A chart published at the BP Statistical Reveiw of World Energy 2018, illustrating the way the world consumes fuel to generate power. It shows that for the past 20 years there has been no change in the rate in which oil and gas and coal have been used to generate power, despite calls to use less fossil fuels.

The way in which the world consumes fuel to generate power and how little that has changed has serious implications, according to Dale, especially when compared to the rapid growth in demand for power worldwide, which grew by 3.5 per cent.

According to the 2019 statistical review, the growth in energy consumption worldwide increased by 2.9 per cent. The resulting demand for fuel to create that energy also climbed, and, because of how the world generates its energy which in itself results in carbon emissions, the growth of carbon emissions from energy use grew by two per cent – the fastest rate of growth for seven years.
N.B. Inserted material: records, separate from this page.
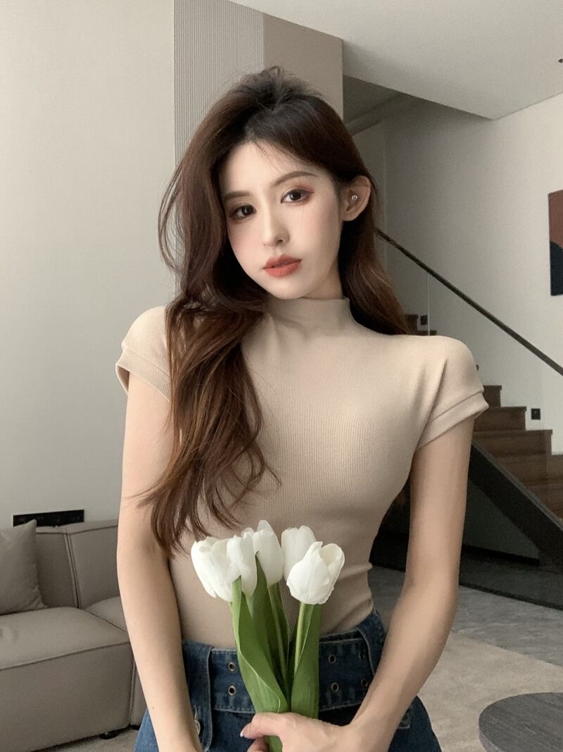 ハーフハイカラー ショート Tシャツ レディース 可愛い トップ サマーニューフレンチボトムシャツブラック半袖タイトフィット 大人可愛い 無地 ひらひら 大人っぽい 夏ファッション
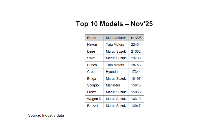TMPV’s strength in the SUV category was clearly reflected in the overall passenger vehicle rankings. The Nexon finished as India’s best selling passenger vehicle in November. Maruti Suzuki’s Dzire with 21,082 units and the Swift with 19,733 units followed. The Punch finished fourth in the all India passenger vehicle chart.
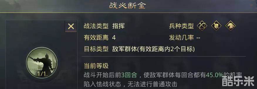 【战必断金】是主公们最熟悉的战法之一了。无论是开荒还是克制“菜刀队”都是十分强力的,关于该战法的搭配亦是老生常谈,在此就不多赘述了。

Natural gas consumption rose by 195 billion cubic metres, and electricity generation rose by 3.7 per cent, but these statistics were offset by the fact that coal still accounted for the largest share of use for power generation. About 38 per cent of the world’s power is generated through the use of coal.

The top three contributors to this massive growth in demand for energy, according to BP’s statistics, are China, the United States and India. China accounted for 34 per cent of the growth in the world’s energy consumption, followed by the US which accounted for 20 per cent.
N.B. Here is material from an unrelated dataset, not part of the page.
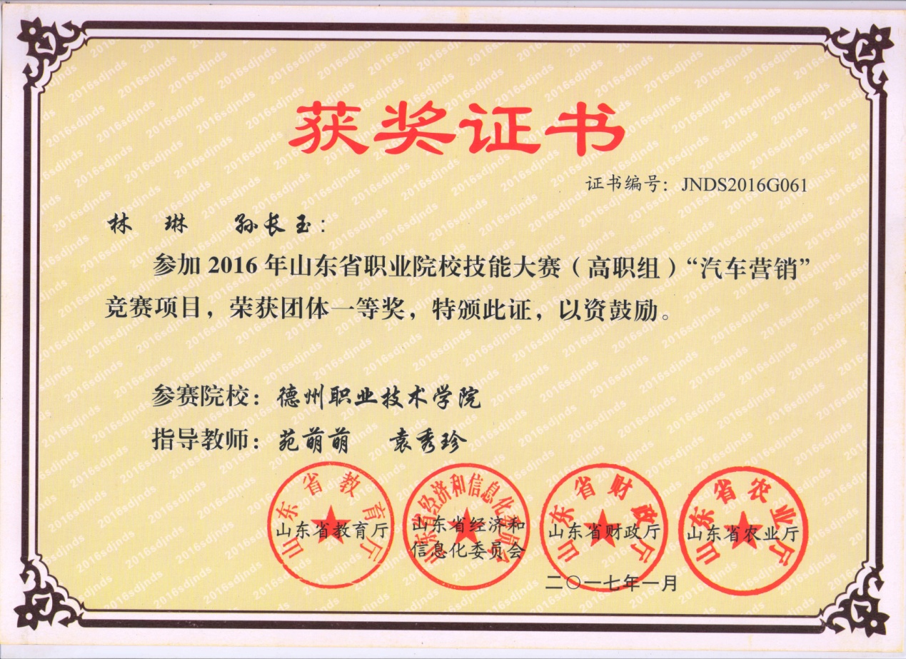 2016年获山东省职业院校技能大赛高职组“汽车营销”一等奖

The rapid growth in demand for energy and its resulting carbon emissions comes among an equally rapid growth in demand for action to be taken against carbon emissions, one of the key factors in climate change.

Reuters reports in May indicated close to a million young people in 110 countries took part in a worldwide strike called by teenagers who feared adults were dragging their feet in their efforts against carbon emissions. Children as young as eight walked out of classrooms, and engaged in the strike.
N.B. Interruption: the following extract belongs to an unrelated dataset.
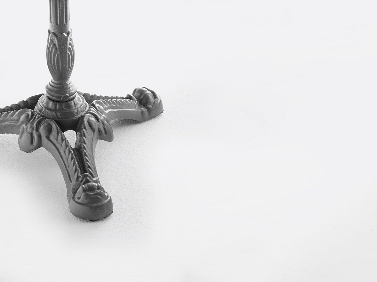 Der Bistrot-Sockel aus mattschwarzem Gusseisen oder in Sonderfarben, auch für den Außenbereich geeignet, ist ein wahres Kunstwerk aus Gusseisenguss. Es wurde für die Einrichtung von Bars, Restaurants und öffentlichen Räumen konzipiert und passt sich elegant sowohl Innen- als auch Außenumgebungen an.

More strike action is expected as people around the world are planning similar action between September 20-27.

However, according to Dale, the demand for action against climate change would not be so easily met, especially if the focus is not placed on the right sector.

Dale explained that for the world to even keep carbon emissions at its current rate, stakeholders would have to do twice as much work than they are already doing.

“Suppose we do it all by growing renewable energy far more quickly. How much would we have to grow over the last three years in order to hold the carbon emissions at a constant? Roughly renewables would have had to grow twice as quickly than they actually did,” he said.

Over the last three years, the use of renewable energy grew by 800 terrawatts per hour (TWh). Dale said for the world to reduce carbon emissions, so that levels would remain as it has for the past three years, renewable energy would have to grow by 1,800 TWh.

“We would have had to replicate the entire system for renewable energy in China and the US combined for the past three years just to maintain the carbon levels at this point.”

He said, however, if the world were to divert ten per cent of their consumption of coal in energy consumption and use natural gas instead, it would have the same effect.

“Coal is such a large portion of the power sector, shifting it into natural gas would be an enormous impact in terms of reduction. If you use natural gas altogether, instead of coal, you would reduce carbon emissions by about half.”

But as it stands, the demand for energy continues to trump the obvious need for a clean environment even in developing countries where power demand is growing rapidly. Dean said in the effort to provide developing countries with power and to maintain the needs of developed countries – which already consume a large amount of energy – using renewable energy to electrify the world would be critical to the process.

But it would not be enough. Dale suggested a multi-faceted approach which included coal to gas switching, increase in the adoption of carbon capture, utilisation, and storage (CCUS), an increase in nuclear energy and an increase in the adoption of an attitude geared toward energy efficiency.

“We often think about electrification and that it would do really good in the reduction of carbon but it would only do good if it goes hand in hand with decarbonisation of power markets.”